* TASK INSTRUCTIONS:
Without any pictures, print the lines below from the one that has "cash flow发生在每一期的期末。 永远不还本金,一直产生cash" through the one that has "和STN 型偏光片產(chǎn)品為主,只有盛波光電、三利譜等幾家配套生產(chǎn)TFT 液晶面板用偏光片。", exactly and nothing else.

[INPUT DATA — start]

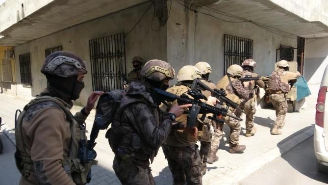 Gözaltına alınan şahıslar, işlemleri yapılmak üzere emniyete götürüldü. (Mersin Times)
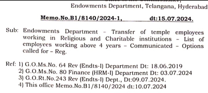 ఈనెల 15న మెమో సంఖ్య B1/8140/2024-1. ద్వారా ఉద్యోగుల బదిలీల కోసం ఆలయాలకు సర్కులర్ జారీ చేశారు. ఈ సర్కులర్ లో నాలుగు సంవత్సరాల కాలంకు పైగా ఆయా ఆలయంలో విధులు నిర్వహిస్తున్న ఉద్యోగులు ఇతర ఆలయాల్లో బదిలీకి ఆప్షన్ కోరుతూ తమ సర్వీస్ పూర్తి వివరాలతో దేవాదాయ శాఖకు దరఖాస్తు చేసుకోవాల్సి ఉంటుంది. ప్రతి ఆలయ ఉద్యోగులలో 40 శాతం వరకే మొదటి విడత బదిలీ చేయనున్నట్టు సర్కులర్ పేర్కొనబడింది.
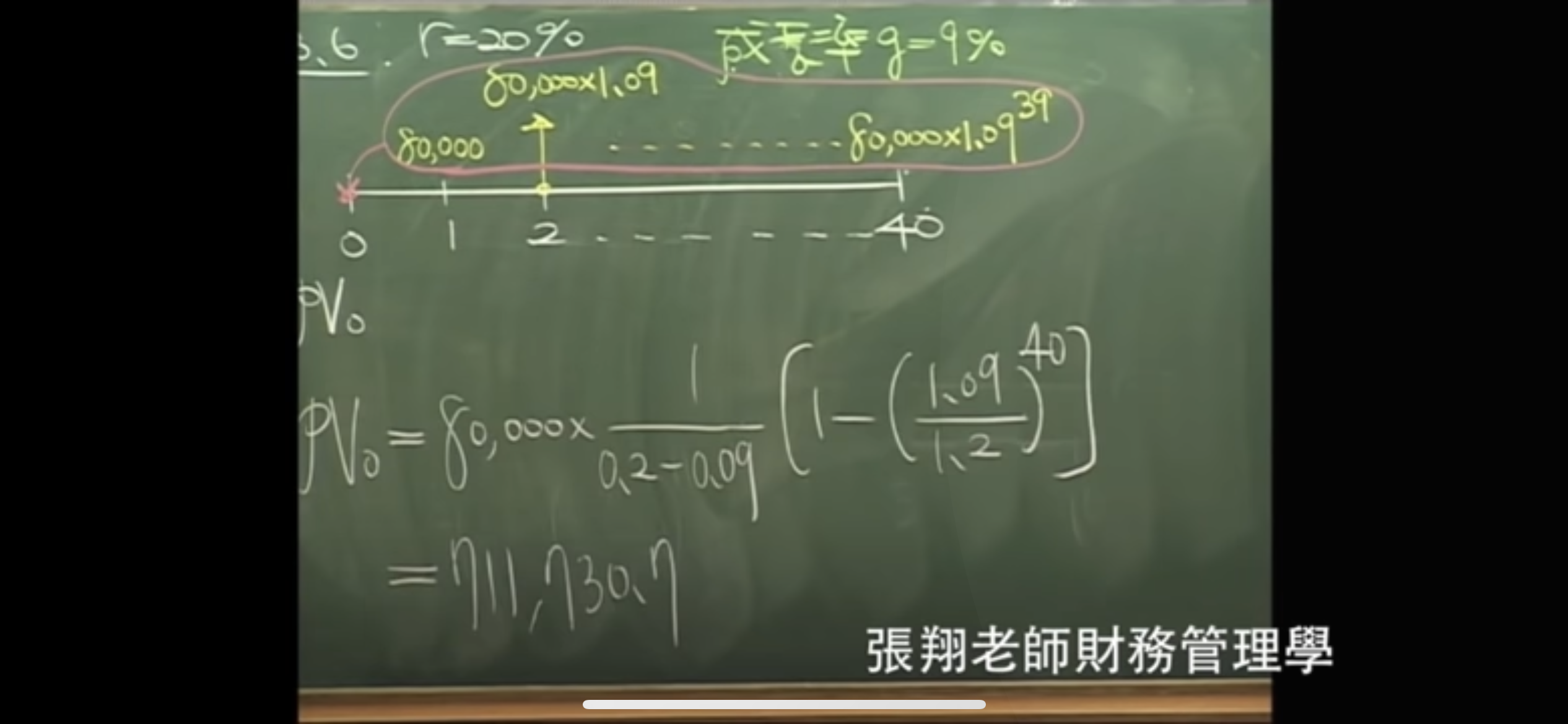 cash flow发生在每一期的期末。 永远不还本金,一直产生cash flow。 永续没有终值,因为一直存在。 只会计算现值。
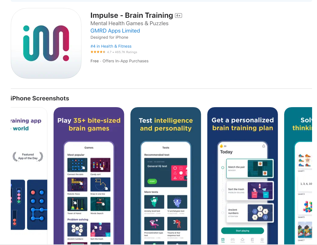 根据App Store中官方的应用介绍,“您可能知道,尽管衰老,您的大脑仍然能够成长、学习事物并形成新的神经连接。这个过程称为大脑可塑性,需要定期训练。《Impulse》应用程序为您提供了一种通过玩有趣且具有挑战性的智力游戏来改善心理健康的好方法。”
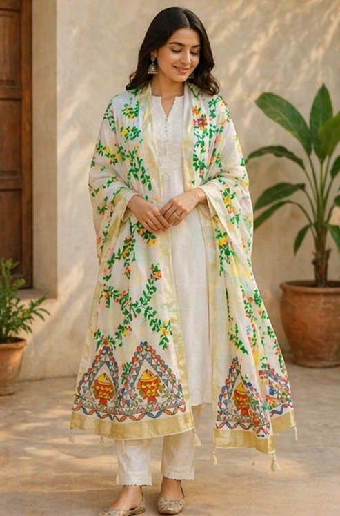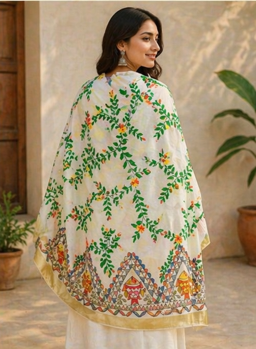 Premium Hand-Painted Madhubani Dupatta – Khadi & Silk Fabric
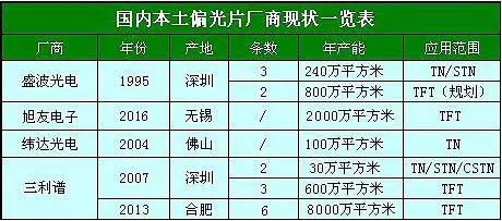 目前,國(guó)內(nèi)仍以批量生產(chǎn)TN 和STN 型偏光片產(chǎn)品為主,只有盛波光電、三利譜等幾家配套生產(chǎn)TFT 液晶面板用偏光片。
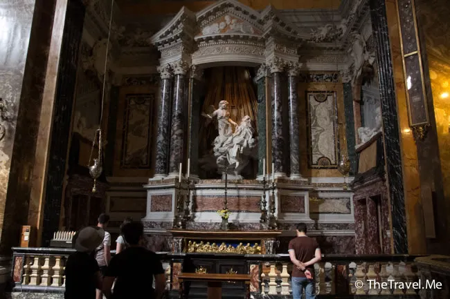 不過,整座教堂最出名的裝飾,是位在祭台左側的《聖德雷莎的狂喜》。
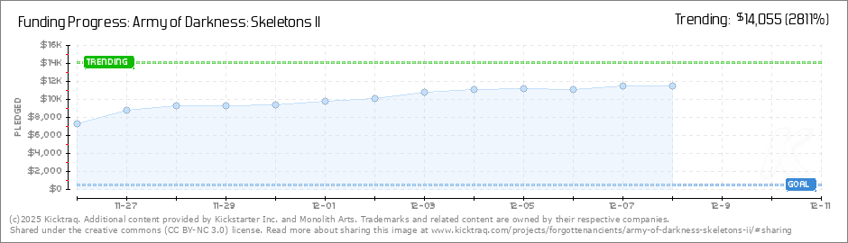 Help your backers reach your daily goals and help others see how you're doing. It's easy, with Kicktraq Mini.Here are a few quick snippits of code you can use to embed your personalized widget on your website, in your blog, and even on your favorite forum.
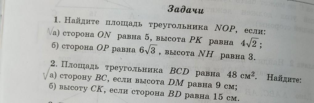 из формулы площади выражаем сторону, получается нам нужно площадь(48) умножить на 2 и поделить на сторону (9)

[INPUT DATA — finish]

* OUTPUT FOR THIS EXERCISE:
 cash flow发生在每一期的期末。 永远不还本金,一直产生cash flow。 永续没有终值,因为一直存在。 只会计算现值。
 根据App Store中官方的应用介绍,“您可能知道,尽管衰老,您的大脑仍然能够成长、学习事物并形成新的神经连接。这个过程称为大脑可塑性,需要定期训练。《Impulse》应用程序为您提供了一种通过玩有趣且具有挑战性的智力游戏来改善心理健康的好方法。”
 Premium Hand-Painted Madhubani Dupatta – Khadi & Silk Fabric
 目前,國(guó)內(nèi)仍以批量生產(chǎn)TN 和STN 型偏光片產(chǎn)品為主,只有盛波光電、三利譜等幾家配套生產(chǎn)TFT 液晶面板用偏光片。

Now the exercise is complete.